Dataset excerpts:
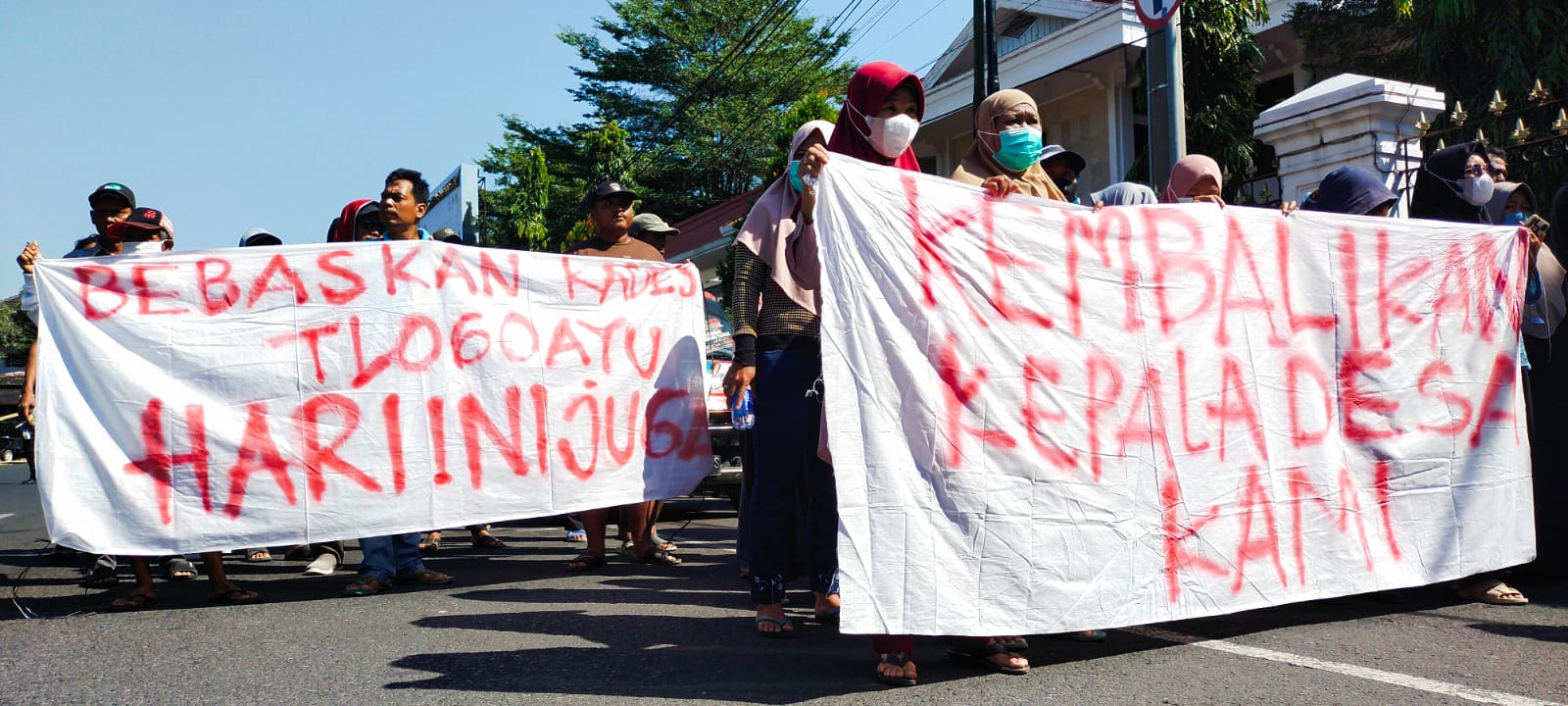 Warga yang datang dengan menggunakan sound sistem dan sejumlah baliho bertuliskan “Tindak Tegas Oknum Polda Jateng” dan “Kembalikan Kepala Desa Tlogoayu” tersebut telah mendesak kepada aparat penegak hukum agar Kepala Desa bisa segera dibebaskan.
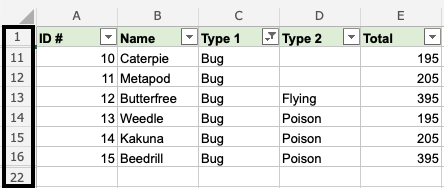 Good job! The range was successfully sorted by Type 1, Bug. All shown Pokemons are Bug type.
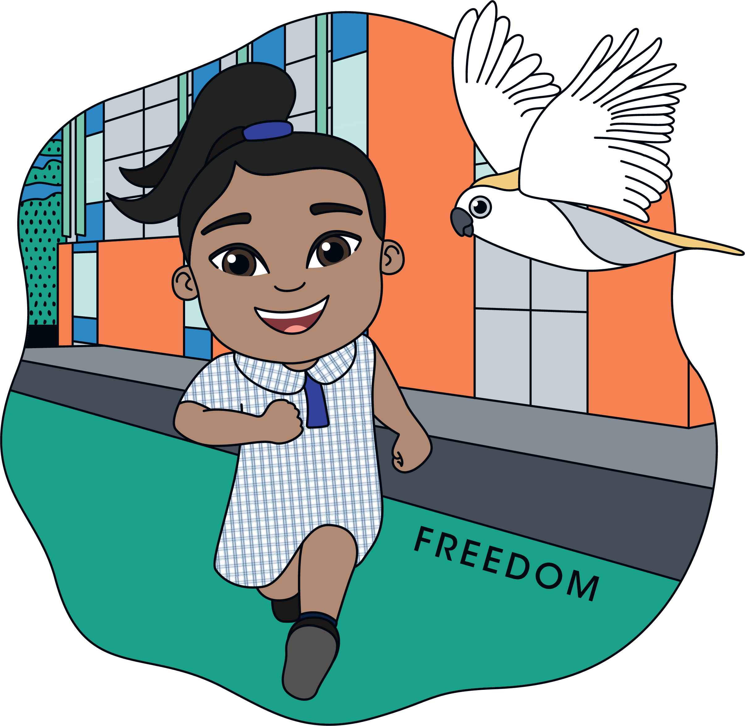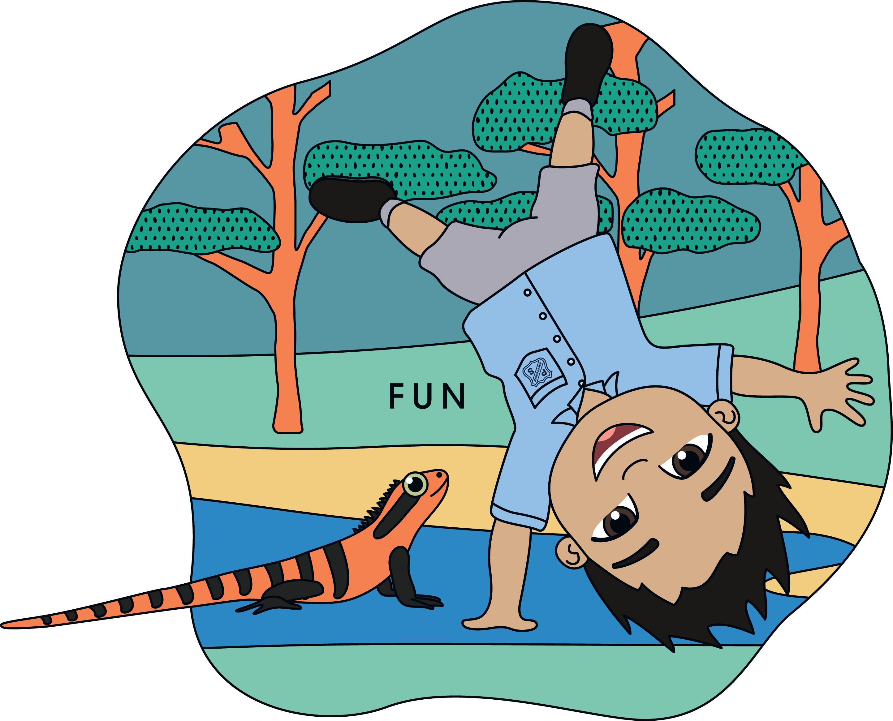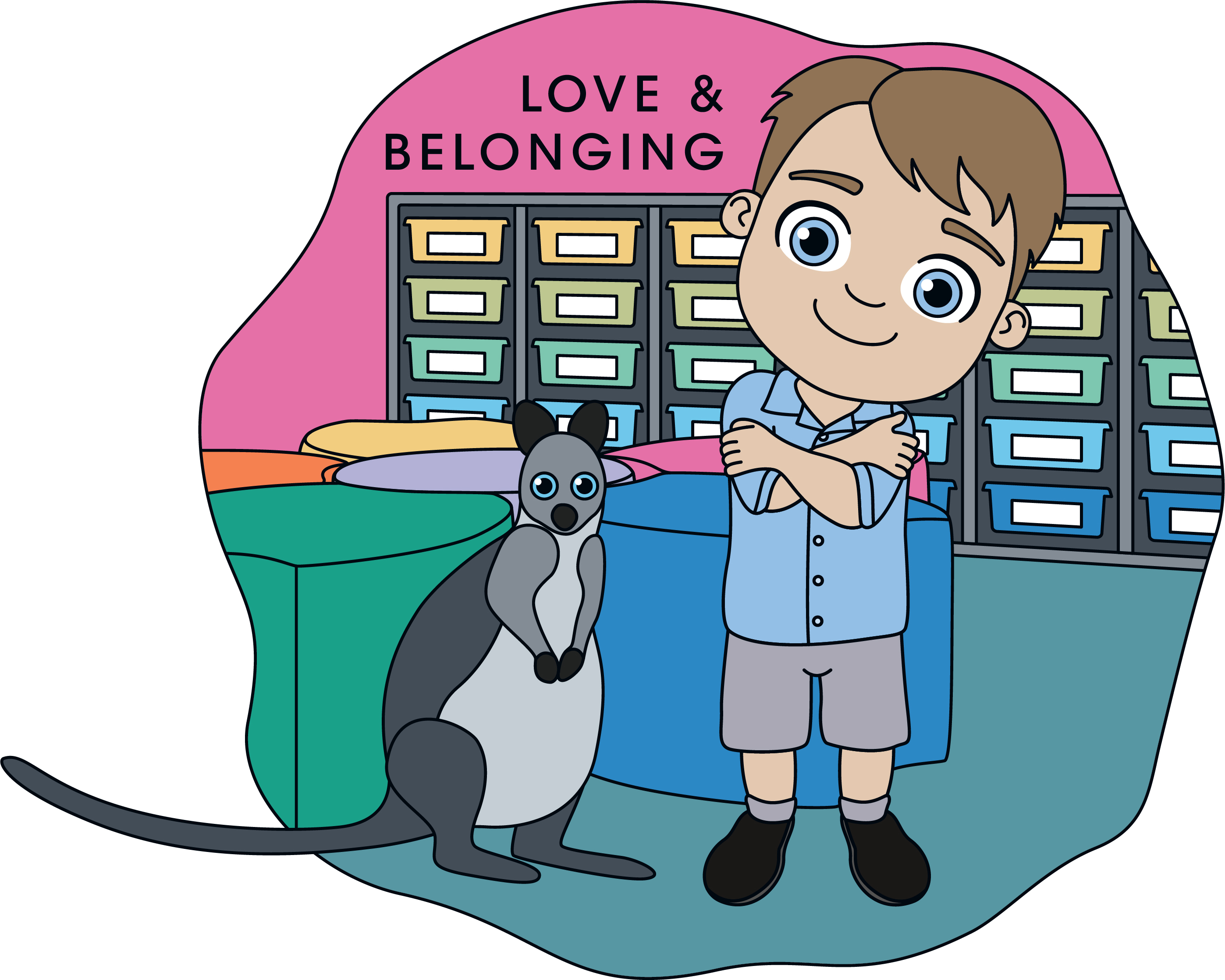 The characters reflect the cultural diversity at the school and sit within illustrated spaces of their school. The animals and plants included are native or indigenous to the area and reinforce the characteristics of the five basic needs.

---

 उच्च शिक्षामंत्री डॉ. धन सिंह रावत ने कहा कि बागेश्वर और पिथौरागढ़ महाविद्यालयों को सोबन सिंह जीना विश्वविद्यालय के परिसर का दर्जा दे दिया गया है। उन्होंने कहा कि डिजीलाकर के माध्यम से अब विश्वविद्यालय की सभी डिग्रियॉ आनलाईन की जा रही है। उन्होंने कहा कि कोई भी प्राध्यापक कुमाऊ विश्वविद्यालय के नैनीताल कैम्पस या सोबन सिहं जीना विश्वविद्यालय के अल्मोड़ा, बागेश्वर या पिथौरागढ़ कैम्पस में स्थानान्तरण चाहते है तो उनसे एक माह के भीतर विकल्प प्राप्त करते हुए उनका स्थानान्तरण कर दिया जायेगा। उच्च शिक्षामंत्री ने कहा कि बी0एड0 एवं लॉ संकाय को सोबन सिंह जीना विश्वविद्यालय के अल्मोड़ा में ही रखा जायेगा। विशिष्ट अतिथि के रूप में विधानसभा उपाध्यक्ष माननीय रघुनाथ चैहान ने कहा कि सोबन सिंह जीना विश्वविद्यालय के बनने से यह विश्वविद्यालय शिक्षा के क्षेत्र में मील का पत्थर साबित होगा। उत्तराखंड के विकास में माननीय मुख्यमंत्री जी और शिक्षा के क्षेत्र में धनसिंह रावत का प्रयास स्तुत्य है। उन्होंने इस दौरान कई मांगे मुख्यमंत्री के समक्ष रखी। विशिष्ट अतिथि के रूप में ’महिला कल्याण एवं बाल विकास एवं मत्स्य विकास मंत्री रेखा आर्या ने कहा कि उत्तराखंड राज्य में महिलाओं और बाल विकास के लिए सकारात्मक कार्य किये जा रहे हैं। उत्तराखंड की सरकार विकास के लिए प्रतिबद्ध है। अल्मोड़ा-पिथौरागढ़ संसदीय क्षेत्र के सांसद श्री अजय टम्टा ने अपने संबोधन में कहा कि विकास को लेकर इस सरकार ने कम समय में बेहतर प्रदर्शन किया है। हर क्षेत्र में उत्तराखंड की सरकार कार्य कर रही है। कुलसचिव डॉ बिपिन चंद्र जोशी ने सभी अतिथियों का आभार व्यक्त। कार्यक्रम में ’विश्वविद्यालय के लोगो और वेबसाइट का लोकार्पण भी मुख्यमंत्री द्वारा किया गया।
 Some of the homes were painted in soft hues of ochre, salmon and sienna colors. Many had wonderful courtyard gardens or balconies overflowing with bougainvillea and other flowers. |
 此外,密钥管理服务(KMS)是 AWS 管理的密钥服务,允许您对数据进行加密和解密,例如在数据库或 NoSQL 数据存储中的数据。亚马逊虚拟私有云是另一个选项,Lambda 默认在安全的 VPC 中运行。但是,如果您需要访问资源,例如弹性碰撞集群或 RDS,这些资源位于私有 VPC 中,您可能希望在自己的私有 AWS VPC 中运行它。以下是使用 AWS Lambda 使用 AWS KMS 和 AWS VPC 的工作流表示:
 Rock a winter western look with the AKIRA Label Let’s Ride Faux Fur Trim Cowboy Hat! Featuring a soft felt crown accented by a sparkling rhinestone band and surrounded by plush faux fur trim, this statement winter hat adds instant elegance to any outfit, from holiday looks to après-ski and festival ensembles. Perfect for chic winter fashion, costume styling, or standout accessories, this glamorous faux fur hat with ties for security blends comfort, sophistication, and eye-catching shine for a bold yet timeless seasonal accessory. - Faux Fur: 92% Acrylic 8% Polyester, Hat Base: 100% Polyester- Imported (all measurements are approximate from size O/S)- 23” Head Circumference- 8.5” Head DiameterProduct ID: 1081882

Task statement: Reproduce verbatim only the segment of the listing bounded by the line containing "Some of the" and the line containing "此外,密钥管理服务(KMS)是 AWS 管理的密钥服务,允许您对数据进行加密和解密,例如在数据库或", with both boundary lines included.

Answer space:
 Some of the homes were painted in soft hues of ochre, salmon and sienna colors. Many had wonderful courtyard gardens or balconies overflowing with bougainvillea and other flowers. |
 此外,密钥管理服务(KMS)是 AWS 管理的密钥服务,允许您对数据进行加密和解密,例如在数据库或 NoSQL 数据存储中的数据。亚马逊虚拟私有云是另一个选项,Lambda 默认在安全的 VPC 中运行。但是,如果您需要访问资源,例如弹性碰撞集群或 RDS,这些资源位于私有 VPC 中,您可能希望在自己的私有 AWS VPC 中运行它。以下是使用 AWS Lambda 使用 AWS KMS 和 AWS VPC 的工作流表示:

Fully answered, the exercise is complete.